Pager can be divided into two types:
- One is that clicking on the next page reloads a page
- One is that clicking on the next page only re-renders part of the current page
In earlier versions of the web-scraper, the crawling methods were different.
- For pages that need to be reloaded, a Link selector is required
- For pages that do not need to be reloaded, use the Element Click selector
It is enough for some websites, but it has great limitations.

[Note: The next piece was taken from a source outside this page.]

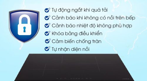 Tính năng an toàn:Tự tắt bếp khi nước tràn đến bảng điều khiển; Tự ngắt khi bếp nóng quá tả; iTính năng dừng bếp tạm thời; Cảnh báo mặt bếp nóng; Tự ngắt khi không có nồi; Cảnh báo khi không có nồi; Khóa bảng điều khiển; Cảnh báo nồi chảo không phù hợp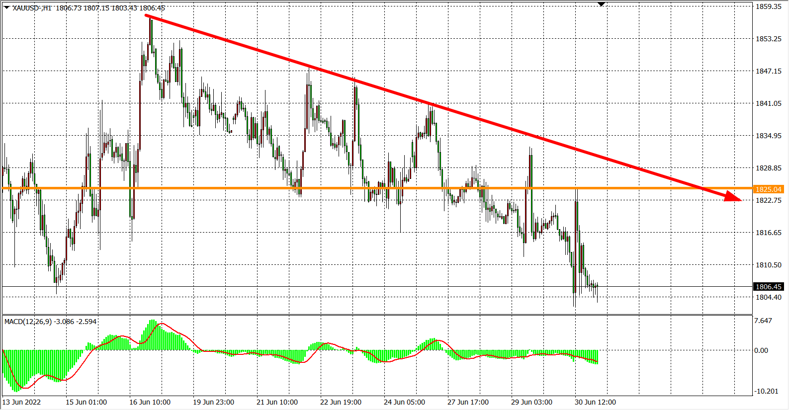 周四(6月30日)美国5月核心PCE物价指数年率录得4.7%,为去年11月以来新低,略低于预期的4.8%,该数据表明通胀开始出现略微见顶回落信号,一定程度上减缓了美国经济衰退的担忧。现货黄金再次上演过山车行情,盘中先涨后跌,振幅超20美元,最终收跌0.54%,报1807.26美元/盎司。

After my experiment, the first principle of using Link selector is to take out the hyperlink of the NEXT page’s A tag and then visit it, but not all websites’ next page is realized through a tag.
If you use JS to listen for events and then jump, like the following, you cannot use the Link selector.
The new version of the Web scraper, on the other hand, offers special support for the navigation pager, plus a Pagination selector, which works in both scenarios, as I’ll demonstrate below.
Pager crawl without reloading a page
Click on a specific CSDN blog post and scroll down to the bottom to see the comments section.
If your post is popular and there are many comments, CSDN will page-display it, but no matter which page of comments, they belong to the same article, when you browse the comments section of any page, there is no need to refresh the post, because this page-display does not reload the page.
For this kind of Click without reloading the page, you can use Element Click.
Last but not least, select root and next_page so that you can recursively crawl
The final result of the crawl is as follows
Using Element Click a sitemap configuration is as follows, you can directly import study my configuration (config file download: wwe.lanzoui.com/iidSSwghkch…
Of course, for things like paging, the Web scraper provides a more specialized Pagination selector, which is streamlined and works best
The corresponding sitemap configuration is as follows, you can use (direct import configuration file download: wwe.lanzoui.com/iidSSwghkch…
Pager crawl to reload a page
CSDN’s list of blog posts, scroll down to the bottom, click the specific page button, or click the next page on the far right to reload the current page.
With this pager, Element Click doesn’t work, and the reader can verify that it closes after only one page is climbed.
As a Pagination selector for Pagination, this is naturally appropriate
The topology of the climb is the same as above, and will not be described here.
The corresponding sitemap configuration is as follows, you can directly import to learn (configuration file download: wwe.lanzoui.com/iidSSwghkch…
4. Crawl the secondary page
CSDN’s blog list page shows rough information, including title, publication time, number of views, number of comments and whether it is original.
To get more information about a blog post, such as the body of the post, the number of likes, favorites, and the content of the comments section, click on the link to see the specific post
The logic of the Web scraper is humanlike, and to retrieve more details from the post, you need to open a new page, and the Web scraper Link selector does just that.
The crawl path topology is as follows
The effect of the crawl is as follows
A sitemap configuration is as follows, you can use (direct import configuration file download: wwe.lanzoui.com/iidSSwghkch…
5. Write at the end
Above combs the paging and secondary page crawl scheme, mainly is: paging and secondary page crawl.
With these two, you should be able to handle most structured web data.
For example, you can crawl all the information of your blog posts on CSDN, including title, link, article content, number of views, number of comments, number of likes and number of favorites.
Of course, to use the web scraper, a zero code scraper, you may need some basics, such as:
- CSS selector knowledge: how to grab an element’s attributes, how to grab the NTH element, how to grab a specified number of elements?
- Regular expression knowledge: How to do the preliminary processing of the content of the crawl?
I’ll try to cover the core of the Web scraper for space, but I’ll leave the rest of the basics up to you.